The Mask of Zorro Rebooted a Classic Hero
20 years ago, Martin Campbell showed Hollywood how to tell a superhero origin story.

The complaints surrounding action films these days are easy to predict before anybody starts pulling them out: The story just doesn’t have much heart, the action sequences themselves are so tied in with computerized trickery as to carry little weight, the absurdity of the scenarios robs the film of any sense of urgency as the hero dances around deadly digital calamity and you just know he’s doing it on a green screen set. Even the wildly successful superhero genre is not immune from these legitimate criticisms. It’s fun to watch Spider-Man’s magic!kick, but your brain isn’t for a moment fooled that it’s happening on any real level.
Yet, while I was watching a screening of Captain America: The Winter Soldier, I noticed that in one particular scene, the audience was really invested in an early fight scene in which Chris Evans’ thawed-out super soldier engages in a knockdown fight with a man the credits insist is Batroc. Neither of these gentlemen have superpowers, though both are well-trained fighters. At the moment Cap executes some insane vertical spin kick that seems to land on Batroc with the force of a sack full of bowling balls, the entire audience, me included, cheered in that particular way that is somewhere between a groan and a chuckle. The ending sequence, replete with airborne combat and exploding airships, failed to evoke the same degree of enthusiasm.

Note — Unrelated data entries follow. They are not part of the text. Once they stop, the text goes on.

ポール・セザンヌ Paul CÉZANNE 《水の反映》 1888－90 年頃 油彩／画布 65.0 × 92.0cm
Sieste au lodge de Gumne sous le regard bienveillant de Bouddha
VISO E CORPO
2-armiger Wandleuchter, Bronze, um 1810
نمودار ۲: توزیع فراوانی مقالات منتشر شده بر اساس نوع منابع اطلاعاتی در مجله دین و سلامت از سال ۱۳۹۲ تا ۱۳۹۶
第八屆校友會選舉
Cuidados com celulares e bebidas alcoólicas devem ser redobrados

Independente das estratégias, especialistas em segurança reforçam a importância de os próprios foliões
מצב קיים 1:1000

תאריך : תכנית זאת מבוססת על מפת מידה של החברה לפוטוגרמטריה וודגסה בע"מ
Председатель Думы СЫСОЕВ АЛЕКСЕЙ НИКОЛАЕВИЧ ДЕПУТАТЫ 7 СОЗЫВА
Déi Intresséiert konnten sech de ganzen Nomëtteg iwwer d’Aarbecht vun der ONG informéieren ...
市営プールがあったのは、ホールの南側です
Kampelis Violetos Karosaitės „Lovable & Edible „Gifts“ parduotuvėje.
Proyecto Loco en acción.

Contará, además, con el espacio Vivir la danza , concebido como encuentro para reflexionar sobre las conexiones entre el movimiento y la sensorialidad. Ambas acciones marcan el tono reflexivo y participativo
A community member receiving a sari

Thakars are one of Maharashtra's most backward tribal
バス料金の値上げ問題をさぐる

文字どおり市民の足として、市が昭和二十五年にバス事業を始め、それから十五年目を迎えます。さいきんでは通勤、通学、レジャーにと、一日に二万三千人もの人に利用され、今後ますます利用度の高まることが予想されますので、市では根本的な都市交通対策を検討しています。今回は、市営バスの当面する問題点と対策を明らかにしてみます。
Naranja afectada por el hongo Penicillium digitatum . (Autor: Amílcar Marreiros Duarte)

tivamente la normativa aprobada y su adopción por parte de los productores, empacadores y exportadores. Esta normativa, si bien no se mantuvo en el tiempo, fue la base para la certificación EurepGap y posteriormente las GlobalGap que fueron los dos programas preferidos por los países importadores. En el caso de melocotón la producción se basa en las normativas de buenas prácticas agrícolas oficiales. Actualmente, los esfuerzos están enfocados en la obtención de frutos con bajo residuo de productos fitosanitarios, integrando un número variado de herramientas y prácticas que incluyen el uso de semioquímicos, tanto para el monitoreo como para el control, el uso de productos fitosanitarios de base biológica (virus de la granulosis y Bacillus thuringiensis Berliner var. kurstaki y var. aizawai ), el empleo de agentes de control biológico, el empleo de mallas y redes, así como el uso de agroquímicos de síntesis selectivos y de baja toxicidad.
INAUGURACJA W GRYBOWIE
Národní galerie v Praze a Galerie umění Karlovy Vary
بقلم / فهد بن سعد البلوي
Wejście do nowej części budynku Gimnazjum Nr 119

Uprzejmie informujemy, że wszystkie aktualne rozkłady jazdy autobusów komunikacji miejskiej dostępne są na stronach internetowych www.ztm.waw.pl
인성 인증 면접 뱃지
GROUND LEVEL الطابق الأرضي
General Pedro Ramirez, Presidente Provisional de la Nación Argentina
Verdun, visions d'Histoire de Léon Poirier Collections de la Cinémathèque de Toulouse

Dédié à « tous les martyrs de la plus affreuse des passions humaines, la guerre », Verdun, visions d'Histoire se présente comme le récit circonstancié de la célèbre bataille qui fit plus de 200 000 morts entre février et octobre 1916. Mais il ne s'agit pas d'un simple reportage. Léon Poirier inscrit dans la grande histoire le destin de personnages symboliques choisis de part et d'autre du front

This is because the first felt real and the second, while an exciting end to the plot, did not. It’s why Blade Runner 2049’s vicious final battle—little more than a knife fight between two actors in a water-tank set—is more thrilling than Black Panther’s jubilant Afro-futuristic free-for-all, fun as that was. And it is why 1998’s The Mask of Zorro has aged even better than its stars, who are all still running around doing must-see work.